My advice is to ride both back to back, then decide. But TBH, experiment with your tire pressures on the F75 (or consider going to 25c's) and you'll likely see little difference in ride qualities between CF and alu frames.


----------



## baz69

thanks for reply pj, the F75 has shimano 105 with fsa crank,the Z6 has tiagra groupset ,F6 apex groupset ,is the apex and 105 equivalent in terms of quality and i was told the tiagra is a step down from either,so i wonder why they would put it in there carbon frame bike, i like the f75 and the riding position is spot on after having a bike fit done stem was changed bars turned up slightly,friends are saying for the extra few hundred go for the carbon f or z 6 as it will be better at climbing and more comftorable ,i am going in to lbh today to try both ,or maybe just stay with f75 and upgrade wheels and tyres,thanks for your post it has been very helpful as i am fairly new to the road scene.


----------



## PJ352

baz69 said:


> thanks for reply pj, the F75 has shimano 105 with fsa crank,the Z6 has tiagra groupset ,F6 apex groupset ,is the apex and 105 equivalent in terms of quality and i was told the tiagra is a step down from either,so i wonder why they would put it in there carbon frame bike, i like the f75 and the riding position is spot on after having a bike fit done stem was changed bars turned up slightly,friends are saying for the extra few hundred go for the carbon f or z 6 as it will be better at climbing and more comftorable ,i am going in to lbh today to try both ,or maybe just stay with f75 and upgrade wheels and tyres,thanks for your post it has been very helpful as i am fairly new to the road scene.


FWIW, I disagree with some of the things you're being told. 

I'm not anti-Sram, because I think they offer some quality products, but for whatever reason (probably emphasis on weight differences) people tend to move Sram's offerings up the ladder and Shimano's down.

IME Sram Apex is equivalent to the new 10 speed Tiagra, which BTW is modeled after Shimano's previous generation 105, which was an excellent groupset.

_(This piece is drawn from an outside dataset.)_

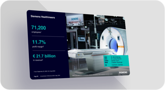 Siemens Healthineers 71,200 employees1 11.7% profit margin2 € 21.7 billion CEO Dr. Bernd Montag in revenue2 CFO Dr. Jochen Schmitz CHRO Darleen Caron MBM Elisabeth Staudinger HQ Forchheim, Germany 1As of September 30, 2023 | 2 In fiscal 2023 Page 38 Unrestricted | © Siemens 2024 | May 2024 NAEOTOM Alpha is not commercially available in all countries. Future availability cannot be ensured.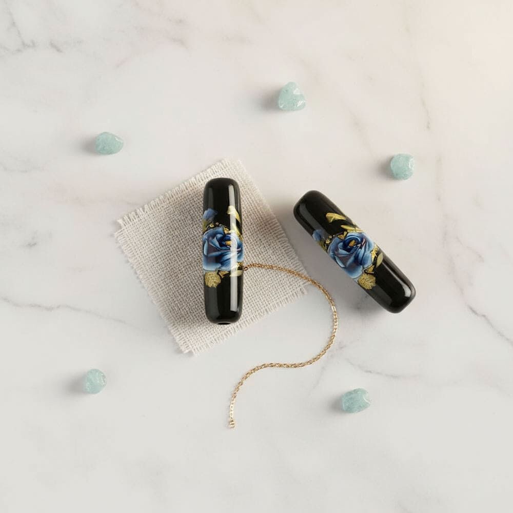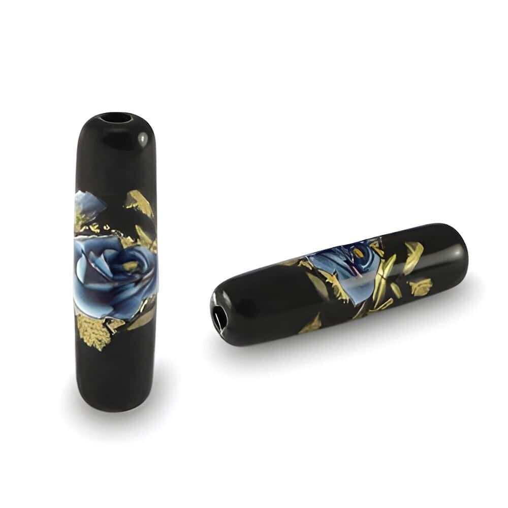 Glass Tube Flower Beads – Midnight Blue Rose bring depth and sophistication to your jewellery designs. These black glass beads feature a rich blue rose motif with gold highlights, creating an elegant and dramatic floral accent.

Next, is Rival and that competes with the current 105, and up you go from there... Force/ Ultegra....

As far as CF climbing better (than alu), I'd say, don't count on it. The 'motor' (you) gets you up that climb, and a combination of STW (strength to weight), proper gearing and the right fit will mean more than frame material or relatively small differences in bike weight alone. 

Re: comfort, all else being equal, I think CF offers an edge and the Z series geometry will also help, but the differences aren't dramatic and the gap could be narrowed between your bike and a CF Z series by tailoring tire pressures based on total rider weight, tire size/ construction road conditions and riding style. Also, if you're running 23c's, consider going to a 25c's. You'll be told they're 'slower', but that's simply not true.

If your curiosity has the best of you, go ride the bikes, back to back. But I'd offer that you ask your LBS to equalize tire pressures before the rides, because (as much as is possible) that'll balance the scales on ride qualities.


----------



## Z6_esb

i have 2012 Z6 and the Tiagra group is fine. I was thinking about get Z85 with the 105 group offerings but my LBS convinced me that Tiagra is basically 2011 105 group and you get a carbon bike. Just upgrade as things wear out if you are worried.

I didn't ride the F series so I can't comment. The SRAM shifters are pretty nice but I like the more positive feel of shimano


----------



## baz69

hi all well just back from my lbs got to try a z6 and f6 ,as indicated the z6 is deffo more relaxed altough i did prefer the feel of the f6 maybe as i have been on the f75 i felt more at home on it,sram set up is nice, felt a little more responsive and absorbed the road surface a bit better,dilema now is it worth the extra to go from alu to carbon ,lbs said carbon was a better option for future upgrading,of course they will tell you what they want you to hear,is carbon the way to go?


----------



## jmorgan

I love carbon.


----------



## PJ352

baz69 said:


> hi all well just back from my lbs got to try a z6 and f6 ,as indicated the z6 is deffo more relaxed altough i did prefer the feel of the f6 maybe as i have been on the f75 i felt more at home on it,sram set up is nice, felt a little more responsive and absorbed the road surface a bit better,dilema now is it worth the extra to go from alu to carbon *,lbs said carbon was a better option for future upgrading*,of course they will tell you what they want you to hear,is carbon the way to go?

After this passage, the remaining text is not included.